*** DATASET EXTRACT ***

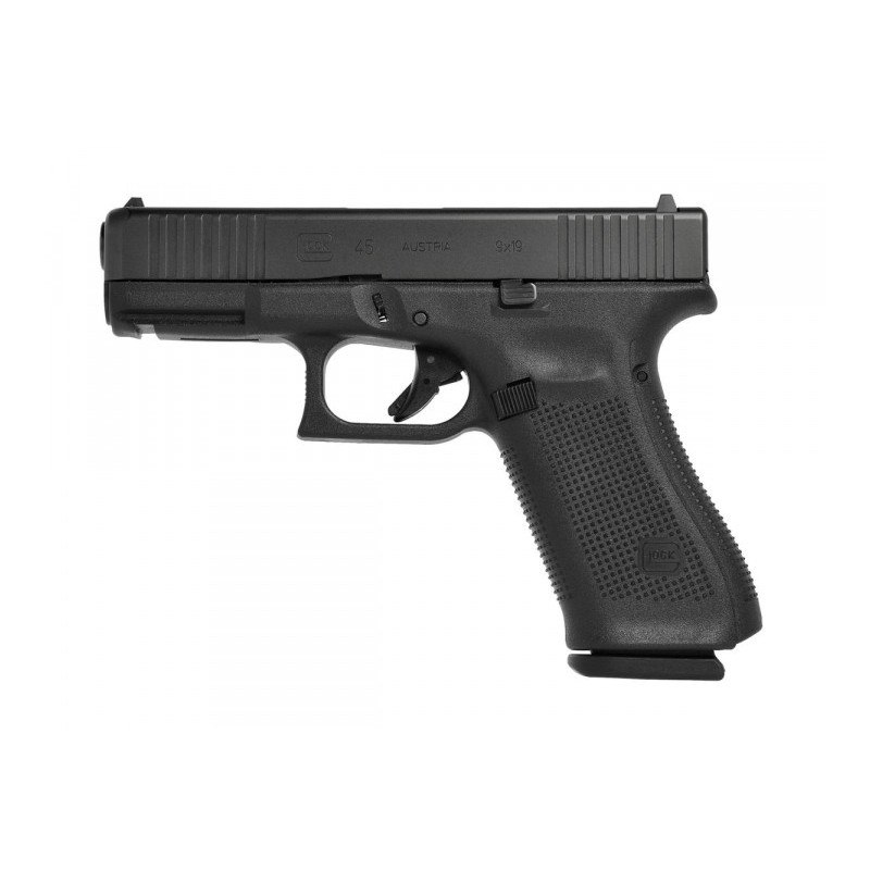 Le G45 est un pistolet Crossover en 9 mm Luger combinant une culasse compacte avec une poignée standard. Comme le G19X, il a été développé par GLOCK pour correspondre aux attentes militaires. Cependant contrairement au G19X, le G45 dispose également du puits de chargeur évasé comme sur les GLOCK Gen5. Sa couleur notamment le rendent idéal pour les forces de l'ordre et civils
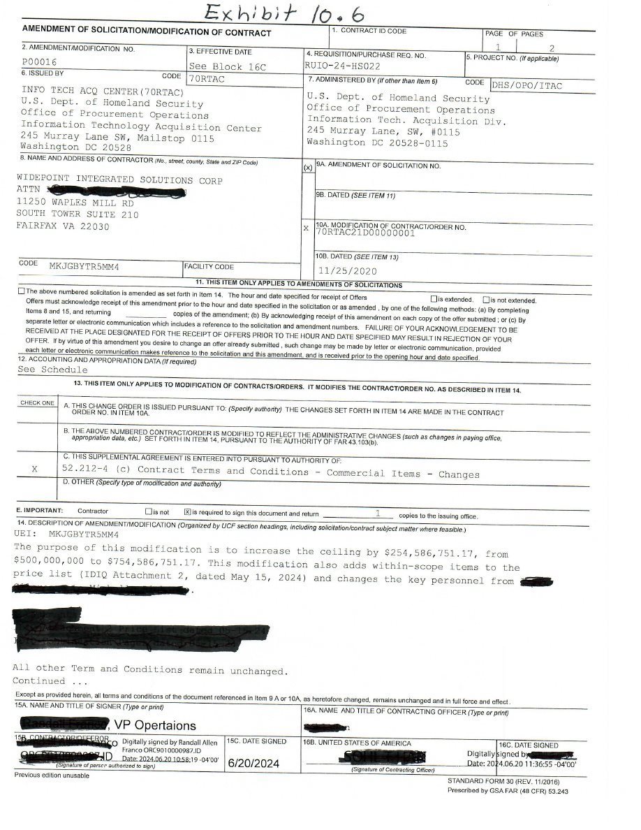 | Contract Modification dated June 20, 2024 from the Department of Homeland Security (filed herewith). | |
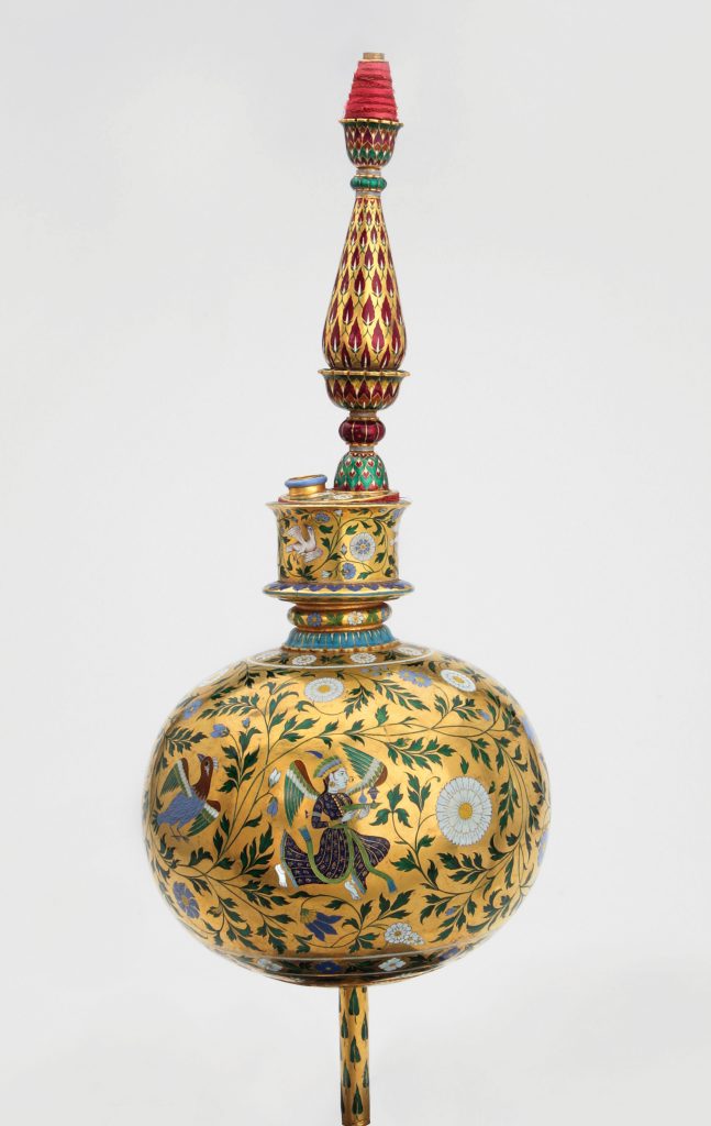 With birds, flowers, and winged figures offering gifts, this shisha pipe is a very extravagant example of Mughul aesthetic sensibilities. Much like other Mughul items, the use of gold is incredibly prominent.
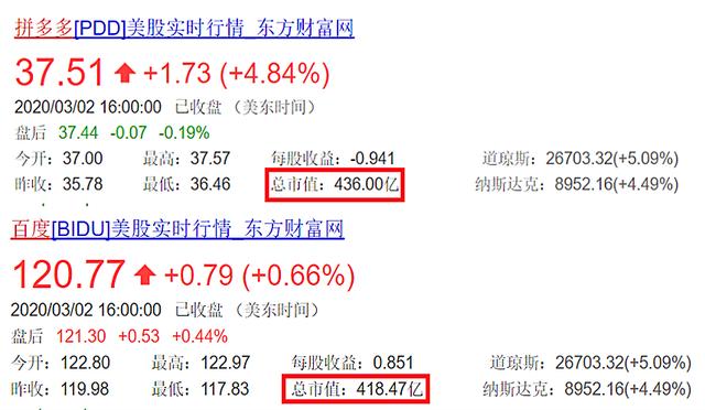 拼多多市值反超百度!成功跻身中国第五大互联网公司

*** End of DATASET EXTRACT ***

BRIEF.
Copy the final stretch of lines, starting at the one that holds "With birds, flowers, and" and ending at the last line of the data, exactly; omit pictures.

WRITTEN SOLUTION.
 With birds, flowers, and winged figures offering gifts, this shisha pipe is a very extravagant example of Mughul aesthetic sensibilities. Much like other Mughul items, the use of gold is incredibly prominent.
 拼多多市值反超百度!成功跻身中国第五大互联网公司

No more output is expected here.